The Universidad Nacional de Colombia (UN) was created on September 22 of 1867, a Sunday. In 2017 the UN had its sesquicentenary, i.e. it was its 150th birthday. The sesquicentenary of the UN was on a Friday. As it is really important to know all the details corresponding to the date of this huge celebration for every year, we want to know which day of the week corresponds to a specific birthday of the Universidad Nacional de Colombia.

Remember that a year usually has 365 days, except for some years, called leaps-years which have 366 days. To know which year is a leap-year we have the following rule: Every year that is exactly divisible by four is a leap year, except for years that are exactly divisible by 100, but these centurial years are leap years if they are exactly divisible by 400. For example, the years 1700, 1800, and 1900 were not leap years, but the years 1600 and 2000 were.

Input

The input consists of a number n (0 ≤ n ≤ 10000)

Output

Output just one word corresponding to the day of the week at the n - th birthday of the UN.

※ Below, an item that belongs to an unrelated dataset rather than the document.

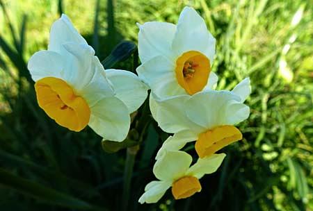 スイセンの花が咲いていいました。こんな花を見ると、春を見つけたような気持になりますよね。

Print the day on the following format (without quotation marks): 'Monday', 'Tuesday', 'Wednesday', 'Thursday', 'Friday', 'Saturday' or 'Sunday'.

Examples

Input

0

Output

Sunday

Input

150

Output

Friday

題意:在1867年九月份星期天生日,問你,給出第N個生日給你,問你是星期幾生日;

思路:若是閏年,則在下一年加二,否加一;

具體看程式碼:

#include <iostream>
#include<stdio.h>
#include<stdlib.h>
using namespace std;
int main()
{

    int n;
    scanf("%d",&n);
    int p=1867;
    int ans=6;
    for(int i=p; i<=n+p; i++)
    {
        if((i%4==0&&i%100!=0)||(i%400==0))
            ans+=2;
        else ans+=1;
    }
    int t;
    t=ans%7;
    if(t==1)
        printf("Monday\n");
    else if(t==2)
        printf("Tuesday\n");
    else if(t==3)
        printf("Wednesday\n");
    else if(t==4)
        printf("Thursday\n");
    else if(t==5)
        printf("Friday\n");
    else if(t==6)
        printf("Saturday\n");
    else if(t==0)
        printf("Sunday\n");
    return 0;
}